Traitement de la Corrosion Superficielle : Méthodes Manuelles et Chimiques
La corrosion superficielle se manifeste par la présence de rouille ou de piqûres légères sur la surface du métal. Elle peut être traitée de manière efficace.
- Préparation mécanique de la surface : Le traitement local des surfaces rouillées se fait à la main (grattoirs, petit marteau, brosse métallique, papiers de verre adaptés…) ou avec de petits appareils électro portatifs de type meuleuse et ponceuse. Outre ces méthodes, le sablage ou l'hydrogommage, déjà décrits en détails sur ce site, sont des techniques puissantes pour nettoyer de grandes surfaces ou des zones fortement atteintes.

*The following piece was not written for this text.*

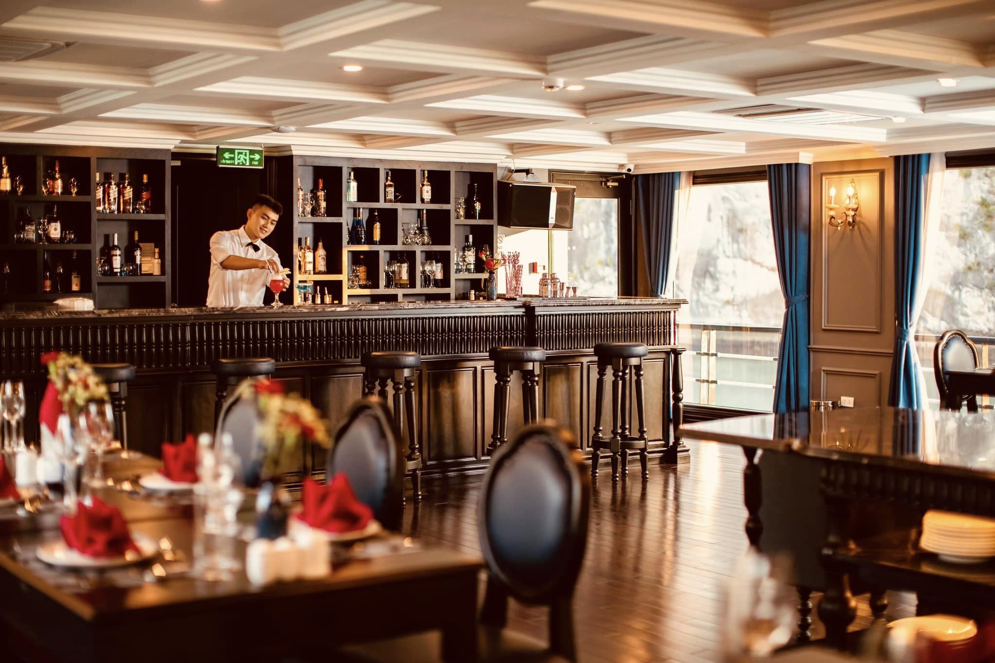 Nằm ở tầng 4 của du thuyền, nhà hàng Fine Dining của Du thuyền Rosy Cruise được thiết kế theo phong cách sang trọng, tinh tế cùng view toàn cảnh bao trọn vịnh di sản chắc chắn sẽ mang lại ấn tượng khó quên cho du khách.

- Application d'un convertisseur de rouille : Après la préparation mécanique, appliquez un convertisseur de rouille sur la zone nettoyée. Sa mise en œuvre se fait au pinceau (masque obligatoire et à l'air libre). Une fois sec, il fait changer de couleur la rouille, indiquant qu'il a agi. Il convient ensuite de bien rincer et de bien essuyer la surface traitée.
- Produits spécifiques :
- Rustol : Contrairement à ce que diffuse "radio-ponton" régulièrement, le "Rustol" basique est compatible avec tous les vernis, peintures, laques et lasures à liant gras (alkydes) séchant et restant à l’air, peintures à l’huile, peintures glycérophtaliques, uréthanes monocomposants, peintures à base d’asphalte pétrolier, enduits gras… Tant que le Rustol n'est pas vraiment sec, il reste élastique, offrant une certaine flexibilité au revêtement. Cependant, si vous avez bien lu l'étiquette, il n'est pas recommandé de couvrir le Rustol avec des produits bi-composants, une information cruciale pour éviter les problèmes d'adhérence et de durabilité du revêtement final.
- FEROSE : De même, ce produit concurrent du précédent, mais de couleur noire, est prévu uniquement sur la partie émergée des bateaux (eaux mortes). Il est important de noter qu'il n'est chimiquement pas compatible avec la majorité des peintures époxy de carène. Pour l'application, il convient d'appliquer très peu de FEROSE au pinceau, à la brosse, au rouleau ou au pistolet, en repassant plusieurs fois afin d'éviter les coulures, garantissant ainsi une couche fine et uniforme.
Corrosion Avancée : Quand Faire Appel à un Professionnel
La corrosion avancée se caractérise par des trous, des fissures ou une perte importante de matière métallique. Dans ce cas, les traitements superficiels ne suffisent plus. Il est préférable de faire appel à un professionnel pour effectuer les réparations nécessaires, car cela peut impliquer des soudures, le remplacement de pièces ou des interventions structurelles complexes qui nécessitent un savoir-faire et un équipement spécialisés.